Ответ на все ваши вопросы утвердительный. Да, это все возможно. Начать работать. – DyZ

+0

lol Я получил его, но он медленный. У меня есть матрица размером 76800 x 3900. Было просто видно, была ли быстрая реализация, но я думаю, что у Джона было хорошее предложение попробовать это –

ответ

2

Если вход x, первый генерировать индексы:

i0,i1 = np.indices(x.shape) 

Тогда:

np.concatenate((i1,i0,x)).reshape(3,5,5).T 

Это дает первый результат - для всей матрицы.

Что касается принятия только верхнего треугольника, вы можете подумать о том, чтобы попробовать np.triu(), но я точно не знаю, какого результата вы ищете. Вероятно, вы можете выяснить, как замаскировать части, которые вам не нужны сейчас.

+0

. Следующее будет работать хорошо, если 'x' отличен от нуля над диагональю:' i0, i1 = np.triu (x, k = 1) .nonzero(); X = np.concatenate ((i0, i1, x [i0, i1])) .reshape (3, len (i0)). T 'но примечание' X' будет массивом типа 'float64', а индексы (например, 'X [0,0]', который равен 'float (i0 [0])'), необходимо будет преобразовать в 'int' позже для доступа к' x'. –

0

вы можете попробовать это,

print([(x,y, value) for (x,y), value in np.ndenumerate(numpymatrixarray)]) 

output [(0, 0, 0.0), (0, 1, 1.7320508100000001), (0, 2, 6.4031242400000004), (0, 3, 7.2111025499999997), (0, 4, 2.4494897400000002), (1, 0, 1.7320508100000001), (1, 1, 0.0), (1, 2, 5.0990195099999998), (1, 3, 5.9160797799999996), (1, 4, 1.0), (2, 0, 6.4031242400000004), (2, 1, 5.0990195099999998), (2, 2, 0.0), (2, 3, 1.0), (2, 4, 4.3588989400000004), (3, 0, 7.2111025499999997), (3, 1, 5.9160797799999996), (3, 2, 1.0), (3, 3, 0.0), (3, 4, 5.0990195099999998), (4, 0, 2.4494897400000002), (4, 1, 1.0), (4, 2, 4.3588989400000004), (4, 3, 5.0990195099999998), (4, 4, 0.0)] 
+1

Большие петли в NumPy не являются хорошей формой. –

4

squareform делает все это. Прочтите документы и поэкспериментируйте. Он работает в обоих направлениях. Если вы дадите ему матрицу, она вернет значения верхнего треугольника (сгущенная форма). Если вы дадите ему эти значения, он вернет матрицу.

In [668]: M 
Out[668]: 
array([[ 0. , 0.1, 0.5, 0.2], 
     [ 0.1, 0. , 2. , 0.3], 
     [ 0.5, 2. , 0. , 0.2], 
     [ 0.2, 0.3, 0.2, 0. ]]) 
In [669]: spatial.distance.squareform(M) 
Out[669]: array([ 0.1, 0.5, 0.2, 2. , 0.3, 0.2]) 
In [670]: v=spatial.distance.squareform(M) 
In [671]: v 
Out[671]: array([ 0.1, 0.5, 0.2, 2. , 0.3, 0.2]) 
In [672]: spatial.distance.squareform(v) 
Out[672]: 
array([[ 0. , 0.1, 0.5, 0.2], 
     [ 0.1, 0. , 2. , 0.3], 
     [ 0.5, 2. , 0. , 0.2], 
     [ 0.2, 0.3, 0.2, 0. ]]) 

Вы также можете указать force и checks параметр, но без тех, кого он просто идет по форме.

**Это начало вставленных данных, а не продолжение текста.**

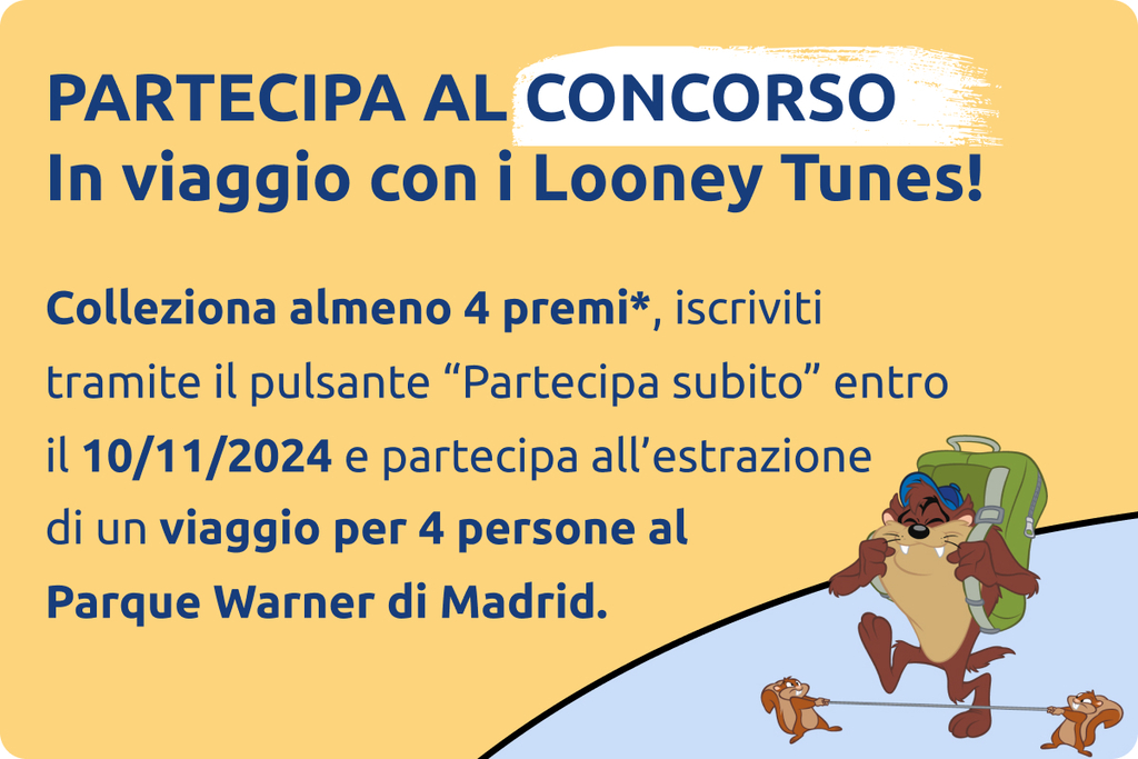 Una nuova Collezione Looney Tunes Carrefour 2024 ti aspetta! Fai la spesa nei punti vendita Carrefour o fai la Spesa Online e colleziona i fantastici premi Looney Tunes. Raccogli i bollini e riscatta il premio che preferisci: i pupazzi dei personaggi Looney Tunes, astuccio, zaino e tanti altri! Non perderti inoltre il concorso "In viaggio con i Looney Tunes": puoi vincere un viaggio al Parque Warner di Madrid! Ti aspettiamo in negozio o online su carrefour.it.

Indicies может исходить от triu

In [677]: np.triu_indices(4,1) 
Out[677]: 
(array([0, 0, 0, 1, 1, 2], dtype=int32), 
array([1, 2, 3, 2, 3, 3], dtype=int32)) 

In [680]: np.vstack((np.triu_indices(4,1),v)).T 
Out[680]: 
array([[ 0. , 1. , 0.1], 
     [ 0. , 2. , 0.5], 
     [ 0. , 3. , 0.2], 
     [ 1. , 2. , 2. ], 
     [ 1. , 3. , 0.3], 
     [ 2. , 3. , 0.2]]) 

Просто, чтобы проверить, можно заполнить матрицу 4x4 с этими значениями

In [686]: A=np.vstack((np.triu_indices(4,1),v)).T 
In [687]: MM = np.zeros((4,4)) 
In [688]: MM[A[:,0].astype(int),A[:,1].astype(int)]=A[:,2] 
In [689]: MM 
Out[689]: 
array([[ 0. , 0.1, 0.5, 0.2], 
     [ 0. , 0. , 2. , 0.3], 
     [ 0. , 0. , 0. , 0.2], 
     [ 0. , 0. , 0. , 0. ]]) 

Эти triu индексы также могут получать значения из M:

In [693]: I,J = np.triu_indices(4,1) 
In [694]: M[I,J] 
Out[694]: array([ 0.1, 0.5, 0.2, 2. , 0.3, 0.2]) 

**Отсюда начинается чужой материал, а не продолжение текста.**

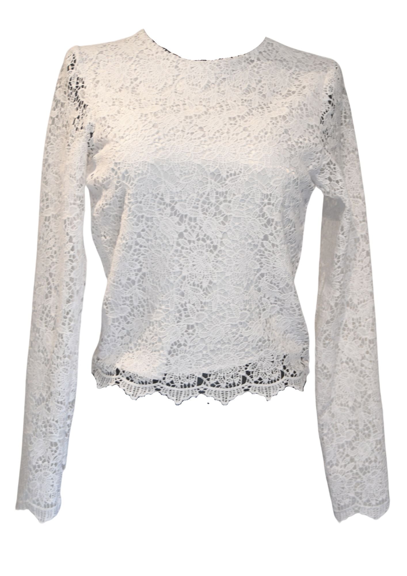 Blusa manga larga en tela blonda, es una prenda que mezcla elegancia con delicadeza . La tela blonda, con su patrón de encaje intrincado, ofrece un acabado sofisticado y romántico, creando un efecto visual llamativo y texturizado. Las mangas largas proporcionan una cobertura completa, mientras que el encaje añade un toque de sensualidad sin ser excesivo.

squareform использует скомпилированный код в spatial.distance._distance_wrap, поэтому я ожидаю, что он будет довольно быстрым для больших массивов. Только проблема только возвращает значения сконденсированной формы, но не индексы. Но, учитывая форму, индексы всегда можно вычислить. Их не нужно хранить со значениями.

0

Действительно ли вы хотите, чтобы верхняя треугольная матрица для матрицы [nxm], где n>m? Это даст вам (nxn-n)/2 элементов и потерять все данные, где m⊖n.

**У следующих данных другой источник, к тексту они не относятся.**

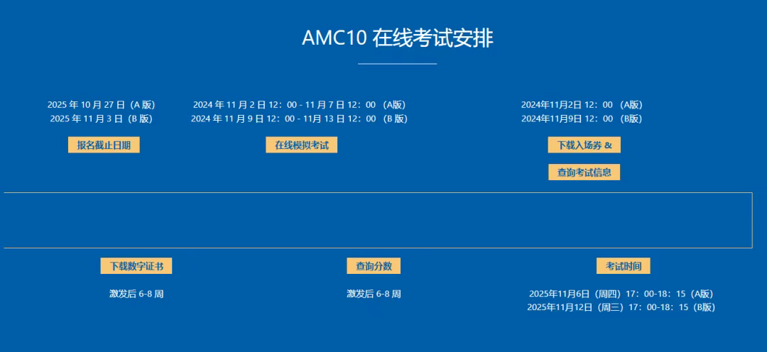 注意!新一轮AMC竞赛正式拉开帷幕,AMC10数学竞赛11月就要考试了,具体考试时间已经公布,2025参赛的同学可以开始收心了。

То, что вы, вероятно, хотите, является нижней треугольной матрицей:

def tri_reduce(m): 
    n=m.shape 
    if n[0]>n[1]: 
     i=np.tril_indices(n[0],1,n[1]) 
    else: 
     i=np.triu_indices(n[0],1,n[1]) 
    return np.vstack((i,m[i])).T 

Перестройка его в список кортежей требует петлю, хотя я считаю. list(tri_reduce(m)) предоставит список n-го массива.